_Work instruction_:
Transcribe exactly the line with "Powerology 27″ Android" and each line that follows it in the listing, down to the last, omitting all pictures.

_Dataset extract_:
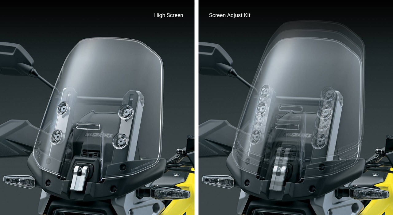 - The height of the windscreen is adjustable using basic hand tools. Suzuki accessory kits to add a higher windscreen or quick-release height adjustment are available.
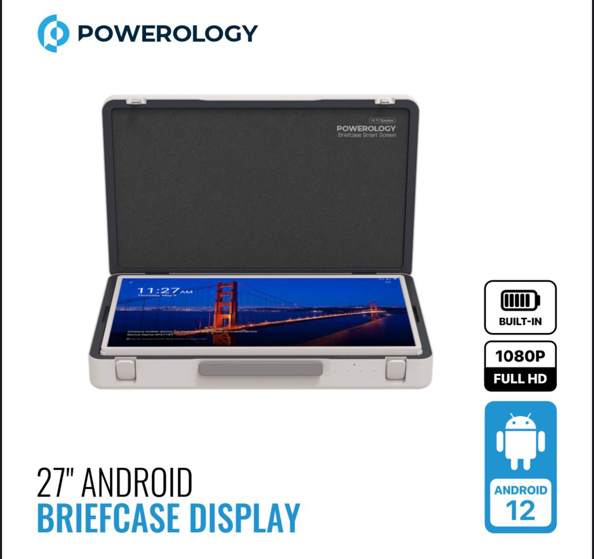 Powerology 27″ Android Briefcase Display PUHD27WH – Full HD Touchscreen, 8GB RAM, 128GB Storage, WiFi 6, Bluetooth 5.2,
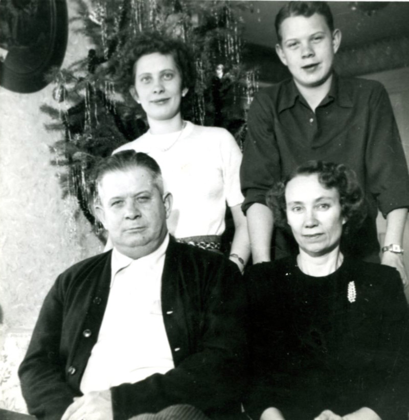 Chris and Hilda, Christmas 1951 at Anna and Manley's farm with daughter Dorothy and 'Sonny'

_Your solution_:
 Powerology 27″ Android Briefcase Display PUHD27WH – Full HD Touchscreen, 8GB RAM, 128GB Storage, WiFi 6, Bluetooth 5.2,
 Chris and Hilda, Christmas 1951 at Anna and Manley's farm with daughter Dorothy and 'Sonny'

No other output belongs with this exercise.